There are already a lot of concepts that consumers need to understand, and I'm not sure whether this is unlocking net new functionality that can't otherwise be achieved with the existing concepts that @dnd-kit provides out of the box.

None of the existing @dnd-kit primitives are opinionated about rendering; introducing the concept of placeholders into the built-in concepts feels like it would blur the lines between the consumer being fully in control of rendering and state management.

Having that said, I totally see the value in making this type of use-case easier for consumers; I just have a different approach in mind for how to achieve that goal.

One of the things that has been on the roadmap for quite some time but that I have not had time to prioritize yet is to create one or multiple @dnd-kit packages that would export components built on top of the core concepts of @dnd-kit and that could expose concepts such as placeholders.

import {MultipleContainers} from '@dnd-kit/sortable-components';

function App() {
  const [items, setItems] = useState({A: ['A1', 'A2', 'A3'], B: ['B1', 'B2', 'B3']});

  return (
    <MultipleContainers
      items={items}
      onItemsChange={setItems}
      renderContainer={...}
      renderItem={...}
      renderPlaceholder={...}
   />
  )
}

I'm very appreciative of the time and effort you've put into this PR, it looks very polished.

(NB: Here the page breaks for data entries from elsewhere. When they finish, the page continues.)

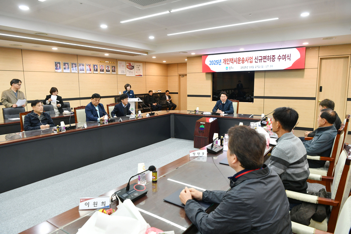 [스포츠서울ㅣ원주=김기원기자]원주시는 2025년 개인택시운송사업 신규 면허 대상자 4명을 확정· 발표하고, 이달 27일 시청 7층 회의실에서 개인택시 운송사업 신규 면허증 수여식을 개최했다.
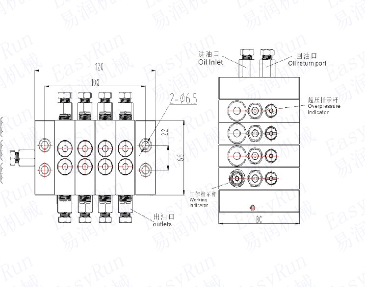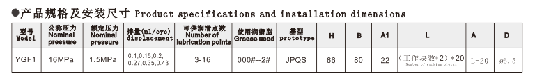 YGF型系列遞進式分配器,是在JPQS(D)型(原型號為VEK.VEM)遞進式分配基型上改進而來。眾所周知,遞進式分配器是一種程序回式路 ,如其中一個油口發(fā)生故障(給油管堵死),則與相關的全部出油口都不能出油、在一些主機I作時不允許中斷潤滑(或因故不能及時檢修)的場合,往往因一個出油口的故障則導致機很多處的損壞。YGF系列遞進式分配器則克服了一般進式分配器的這一 缺點, 即使有個出油口因故障不出油,絕不影響其它相關出油口的正常供油,從而保證了主機的連續(xù)工作。發(fā)生故席的出油口:指示桿會立即給予顯示, 不需要連個檢查,所以檢修工作也非常方便。
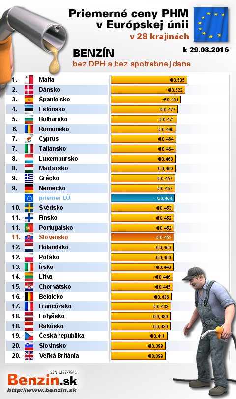 Na Slovensku sme tankovali . najlacnejší benzín bez dane v EÚ za priemernú cenu: 0,452 EUR za 1L.
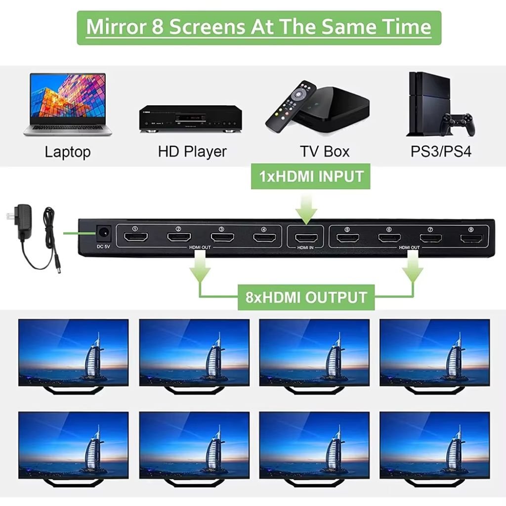 Répartiteur Vidéo HDMI 1×8 avec 8 Ports Compatible 4K – HDMI X8 موزع

In the future I would recommend starting a discussion beforehand just to align on whether or not the functionality you have in mind fits within the goals of the library.

clauderic avatar May 18 '22 21:05 clauderic

Thanks for the insights @clauderic

I totally agree about the API I used for the demo not being suitable for the existing components.

The code I used for the demo was just meant to show the behavior. I want to built a lot of cool stuff on the basis of @dnd-kit so I needed to better understand the internals, get a feel for it and find out if and how it is able to cover my use cases. A good thing with a working prototype like this is that I can try to refactor it while trying not to break the demo.

I would also prefer to keep the placeholders in a separate package, but I was a bit lost on how the API should ideally look like. The sample code you provided would definitely hit a very common use case so I'm down to offering my help to cover it as a part of the topic as a whole as well. If that scenario can be solved my original one should be no problem as well.

No idea if there's any big obstacles ahead, but at first glance I should be able to refactor the demo code into a component like that. If you don't mind I'll just give it a try again and see how far I get.

If there's additional aspects that are important to you or things that you'd like considered don't hesitate to mention them as well. I know it's a lot of work maintaining a lib like this so my goal is to put some work into this so you don't have to (and ideally ship this feature a bit earlier than would otherwise be possible).